没有目标的.net委托比目标慢 [英] .net delegate without target slower than with target

查看:105
本文介绍了没有目标的.net委托比目标慢的处理方法,对大家解决问题具有一定的参考价值,需要的朋友们下面随着小编来一起学习吧!

问题描述

当我在计算机上以释放模式执行以下代码时,具有非空目标的委托的执行总是比委托具有空目标的委托执行的速度略快(我希望它是等效的或较慢的)。



我确实不是在寻找微优化,但我想知道为什么会这样吗?

  static void Main(string [] args)
{
//预热代码

long durationWithTarget =
MeasureDuration(()=> new DelegatePerformanceTester(withTarget:true).Run());

Console.WriteLine($ With target:{durationWithTarget});

long durationWithoutTarget =
MeasureDuration(()=> new DelegatePerformanceTester(withTarget:false).Run());

Console.WriteLine($无目标:{durationWithoutTarget});
}

///< summary>
///测量动作的持续时间。
///< / summary> < / param>
///< param name = action>必须测量持续时间的动作。
///< returns>持续时间(以毫秒为单位)。
private static long MeasureDuration(Action action)
{
Stopwatch stopwatch = Stopwatch.StartNew();

action();

返回秒表。经过的毫秒;
}

类DelegatePerformanceTester
{
public DelegatePerformanceTester(bool withTarget)
{
if(withTarget)
{
_func = AddNotStatic;
}
else
{
_func = AddStatic;
}
}
private只读Func< double,double,double> _func;

private double AddNotStatic(double x,double y)=> x + y;
private static double AddStatic(double x,double y)=> x + y;

public void Run()
{
const int loops = 1000000000;
for(int i = 0; i< loops; i ++)
{
double funcResult = _func.Invoke(1d,2d);
}
}
}


解决方案

我会写这篇,后面有很多不错的编程建议,这些建议对于任何关心编写快速代码的C#程序员都至关重要。我通常会谨慎使用微基准,由于现代CPU内核上代码执行速度的不可预测性,因此15%或更少的差异通常在统计上并不显着。减少重复测试至少10次以消除缓存效果并交换测试以消除代码对齐效果的好方法,它可以减少测量不存在的内容的可能性。

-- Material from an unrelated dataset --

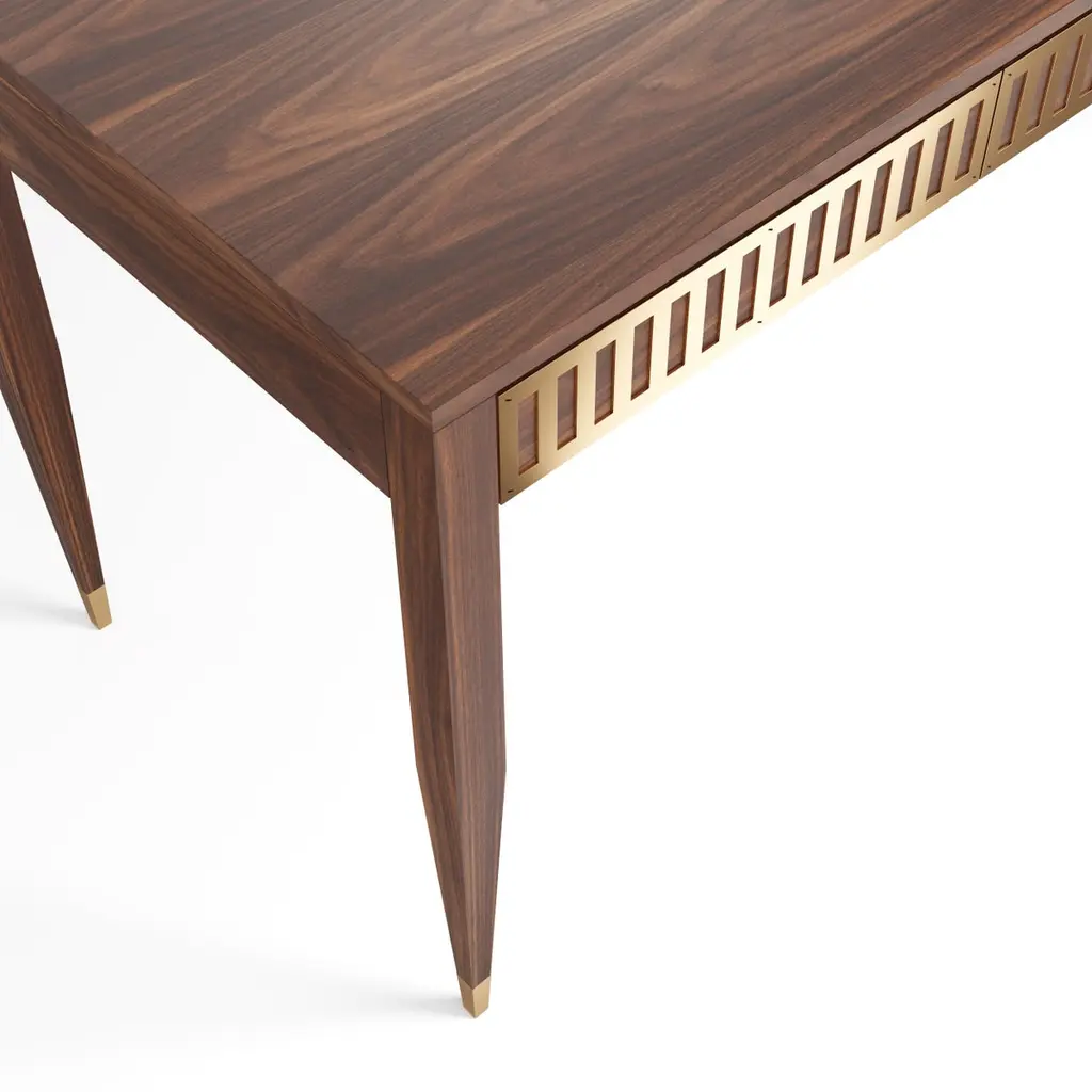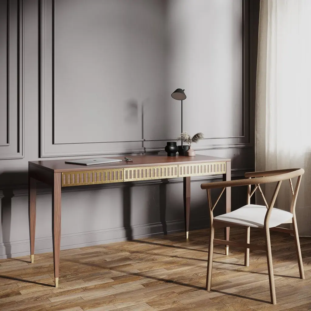 Desk in mid-century style with three drawers with brass fronts. The tapered legs are finished with brass plated aluminum feet. Desk made of solid American walnut wood and wood covered with natural American walnut veneer. Other wood on request. Perfect as office desk, study desk, computer desk, home office desk.Handmade in Poland.Materials:-drawer fronts: solid American walnut with brass plated aluminum-sides, dividers, back: solid American walnut-drawer body: solid oak-legs: solid American walnut-top: blockboard overlaid with walnut veneer-handles: solid brass-feet: brass plated aluminum-matte varnishDimensions:width: 160 cm (63")depth: 70 cm (27,5")height: 75 cm (29,5")Also available in 140cm x 60cm version.You can change the size, material, surface treatment after prior contact and setting prices.

但是您看到的是真实的,调用静态方法的委托实际上要慢一些。在x86代码中,效果是很小的,但在x64代码中,效果却更糟,请确保修改项目>属性>构建选项卡>首选32位和平台目标设置来尝试两者。



要知道为什么它变慢,需要查看抖动产生的机器代码。对于委托人,该代码非常隐藏得很好。通过调试> Windows>反汇编查看代码时,您将看不到它。而且您甚至无法单步执行代码,托管调试器的编写是为了隐藏它,而完全拒绝显示它。我将不得不描述一种将视觉放回Visual Studio中的技术。



我不得不谈谈存根。存根是除抖动生成的代码之外,CLR动态创建的一小部分机器代码。存根用于实现接口,它们提供了灵活性,即类的方法表中的方法顺序不必与接口方法的顺序匹配。它们对代表这个问题的代表很重要。存根对即时编译也很重要,存根中的初始代码指向抖动中的入口点,以便在调用该方法时对方法进行编译。之后,存根将被替换,现在调用jitted target方法。导致静态方法调用变慢的是存根,静态方法目标的存根比实例方法的存根更为复杂。

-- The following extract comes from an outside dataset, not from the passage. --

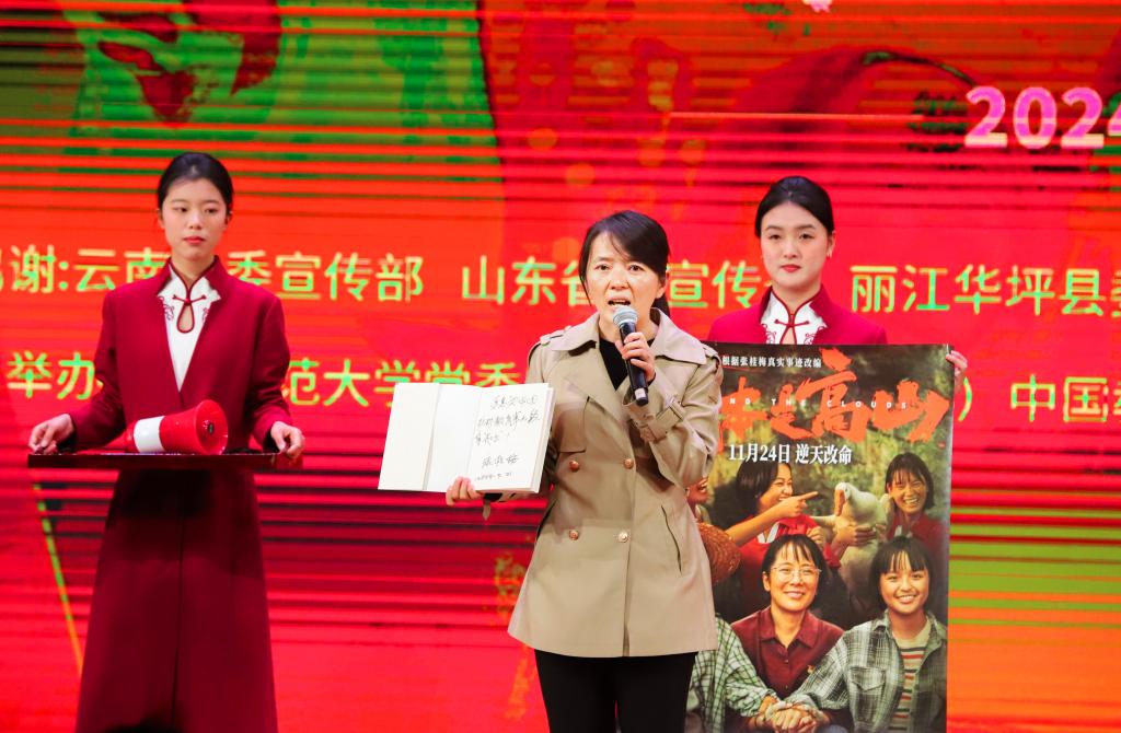 “《我本是高山》由中国教师博物馆永久收藏,相信张桂梅老师倾心教育、无私奉献的育人精神一定能在博物馆生根发芽成长,一定能让更多的人感受领悟时代楷模的师者大爱。”中共云南省委宣传部电影处二级调研员段兴同在致辞中表示。“《我本是高山》不仅是一部电影作品,更是一部鲜活的教材。它将作为学校每一位老师、每一位学生的“必修课”,作为每一位到中国教师博物馆参观和培训者的“必修课”,并通过他们激励和引领更多的人,学习张桂梅老师的崇高信仰,践行张桂梅老师的红梅品格,高山仰止、景行行止,心有大我,至诚报国。”学校党委常委、宣传部部长孙祥广在致辞中说。

要查看存根,您必须纠缠调试器以强制其显示其代码。需要进行一些设置:首先使用工具>选项>调试>常规。取消选中仅我的代码复选框,然后取消选中抑制JIT优化复选框。如果您使用VS2015,然后勾选使用托管的兼容模式,则VS2015调试器会出现很多错误,并且会严重影响这种调试方式,此选项通过强制使用VS2010托管调试器引擎提供了一种解决方法。切换到发布配置。然后,在项目>属性>调试中,选中启用本机代码调试复选框。然后在项目>属性>生成中,取消选中首选32位复选框,平台目标应为AnyCPU。



在Run()方法上设置一个断点,注意,断点在优化代码中不是很准确。最好在方法标题上进行设置。命中后,请使用调试> Windows>反汇编查看由抖动生成的机器代码。在Haswell内核上,委托调用看起来像这样,如果您拥有的旧处理器还不支持AVX,则可能与您看到的不匹配:

  funcResult + = _func.Invoke(1d,2d); 
0000001a mov rax,qword ptr [rsi + 8]; rax = _func
0000001e mov rcx,qword ptr [rax + 8]; rcx = _func._methodBase(?)
00000022 vmovsd xmm2,qword ptr [0000000000000070h]; arg3 = 2d
0000002b vmovsd xmm1,qword ptr [0000000000000078h]; arg2 = 1d
00000034调用qword ptr [rax + 18h];调用存根

64位方法调用传递了寄存器中的前4个参数,任何其他参数都被传递通过堆栈(不在此处)。在这里使用XMM寄存器是因为参数是浮点数。此时,抖动尚无法知道该方法是静态的还是实例的,只有在此代码实际执行后才能发现。隐藏差异是存根的工作。假定它将是一个实例方法,这就是为什么我注释了arg2和arg3。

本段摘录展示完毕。